*RECORDS FOR PROCESSING*:
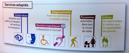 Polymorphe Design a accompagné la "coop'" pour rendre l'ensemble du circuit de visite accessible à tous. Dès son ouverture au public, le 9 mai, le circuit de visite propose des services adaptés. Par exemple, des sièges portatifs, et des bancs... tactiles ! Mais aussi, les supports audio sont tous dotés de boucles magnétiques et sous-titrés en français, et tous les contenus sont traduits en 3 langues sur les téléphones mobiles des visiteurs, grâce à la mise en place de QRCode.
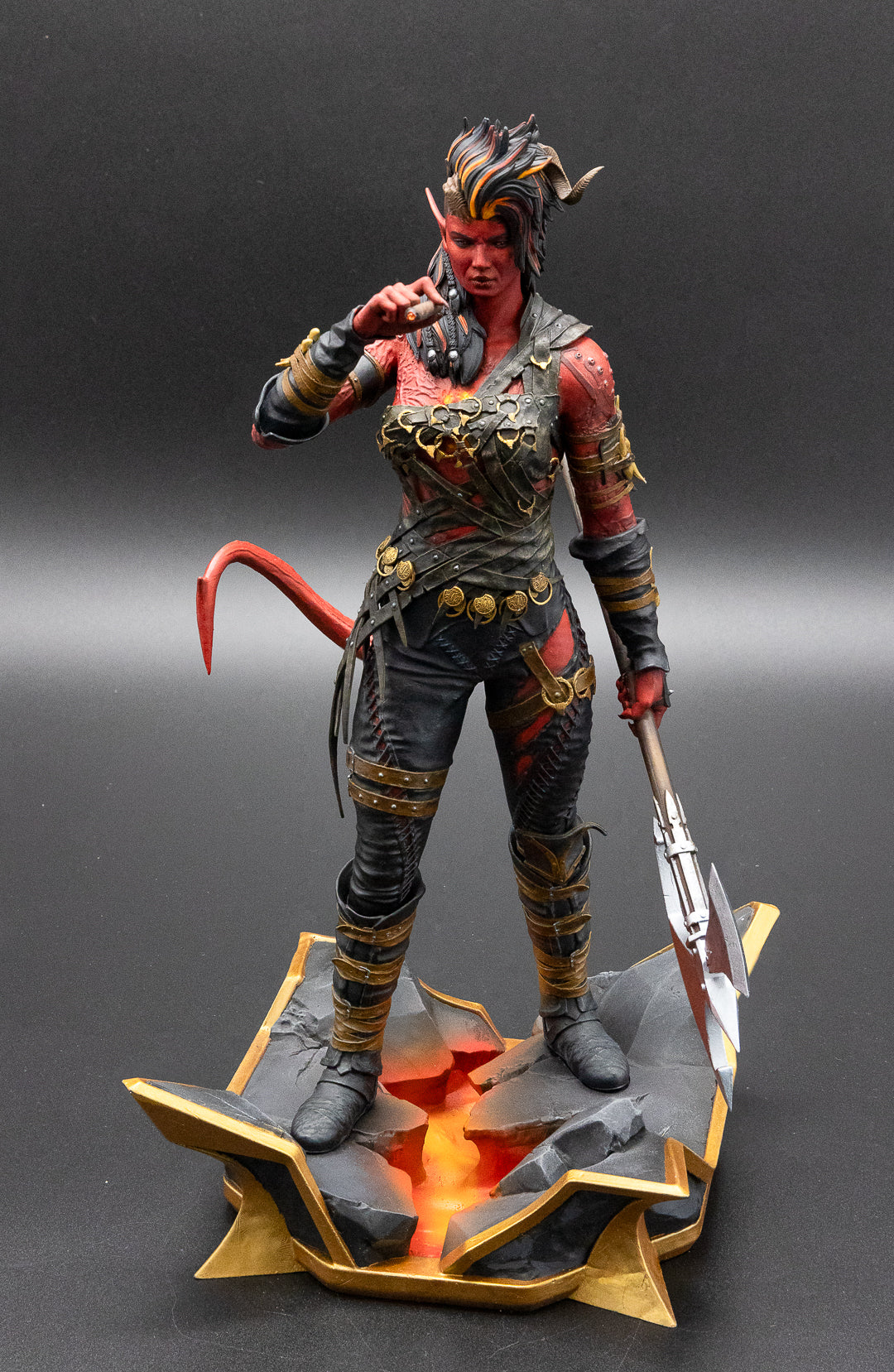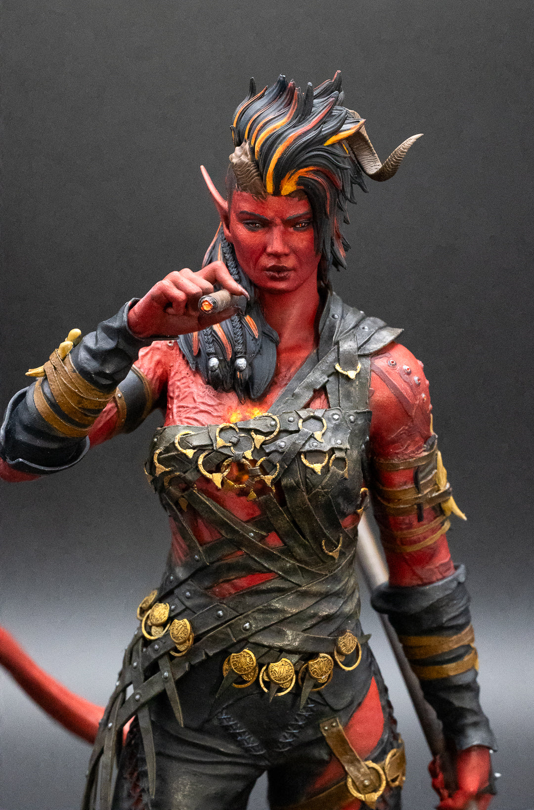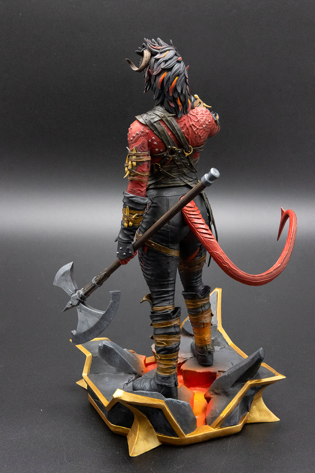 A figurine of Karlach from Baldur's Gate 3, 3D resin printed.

...

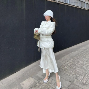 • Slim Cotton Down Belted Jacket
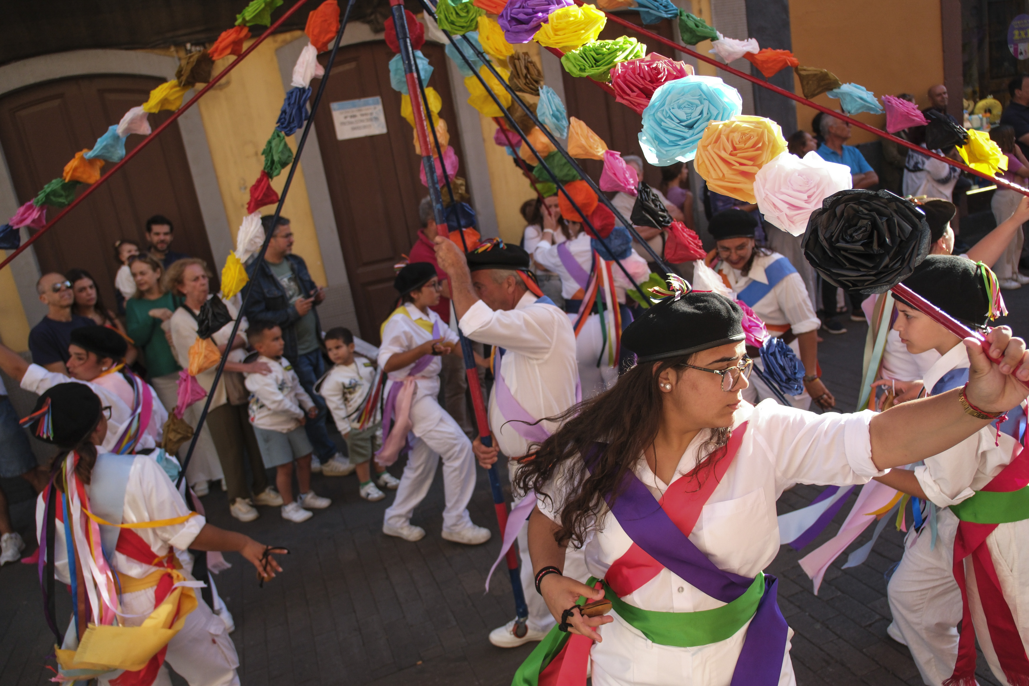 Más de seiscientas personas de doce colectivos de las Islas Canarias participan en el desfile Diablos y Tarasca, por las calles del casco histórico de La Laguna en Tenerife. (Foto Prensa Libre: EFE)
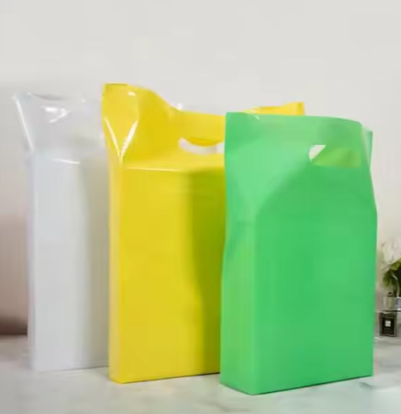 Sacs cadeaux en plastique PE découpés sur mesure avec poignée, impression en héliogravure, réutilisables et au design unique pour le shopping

*ASSIGNMENT*: Although the records above contain pictures, the copy must not; set down exactly the lines from the one with "Más de seiscientas" up to and including the one with "Sacs cadeaux en".

*REPLY TO THE EXERCISE*:
 Más de seiscientas personas de doce colectivos de las Islas Canarias participan en el desfile Diablos y Tarasca, por las calles del casco histórico de La Laguna en Tenerife. (Foto Prensa Libre: EFE)
 Sacs cadeaux en plastique PE découpés sur mesure avec poignée, impression en héliogravure, réutilisables et au design unique pour le shopping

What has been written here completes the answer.